Kim Jae-Min, Lee Kyung Hyung, Lee Jun Yeob
School of Chemical Engineering, Sungkyunkwan University, 2066, Seobu-ro, Jangan-gu, Suwon-si, Gyeonggi-do, 16419, Republic of Korea.
SKKU Advanced Institute of Nano Technology, Sungkyunkwan University, 2066, Seobu-ro, Jangan-gu, Suwon-si, Gyeonggi-do, 16419, Republic of korea.
Adv Mater. 2023 Apr;35(14):e2209953. doi: 10.1002/adma.202209953. Epub 2023 Feb 26.

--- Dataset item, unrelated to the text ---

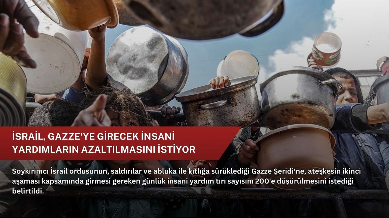 The Jerusalem Post gazetesinin ordu kaynaklarına dayandırdığı haberine göre, İsrail ordusu, ABD'nin desteklediği ateşkes anlaşmasının ikinci aşaması kapsamında Gazze Şeridi'ne girmesi gereken 600 insani yardım tırının 3'te 2 oranında azaltılmasını talep etti.

Direct exploring the electroluminescence (EL) of organic light-emitting diodes (OLEDs) is a challenge due to the complicated processes of polarons, excitons, and their interactions. This study demonstrated the extraction of the polaron dynamics from transient EL by predicting the recombination coefficient via artificial intelligence, overcoming multivariable kinetics problems. The performance of a machine learning (ML) model trained by various EL decay curves is significantly improved using a novel featurization method and input node optimization, achieving an R value of 0.947. The optimized ML model successfully predicts the recombination coefficients of actual OLEDs based on an exciplex-forming cohost, enabling the quantitative understanding of the overall polaron behavior under various electrical excitation conditions.
由于极化子、激子及其相互作用的过程复杂,直接探究有机发光二极管(OLED)的电致发光(EL)具有挑战性。本研究通过人工智能预测复合系数,从瞬态EL中提取极化子动力学,克服了多变量动力学问题。使用一种新颖的特征化方法和输入节点优化,显著提高了由各种EL衰减曲线训练的机器学习(ML)模型的性能,R值达到0.947。优化后的ML模型成功预测了基于激基复合物形成共主体的实际OLED的复合系数,可以定量了解各种电激发条件下极化子的整体行为。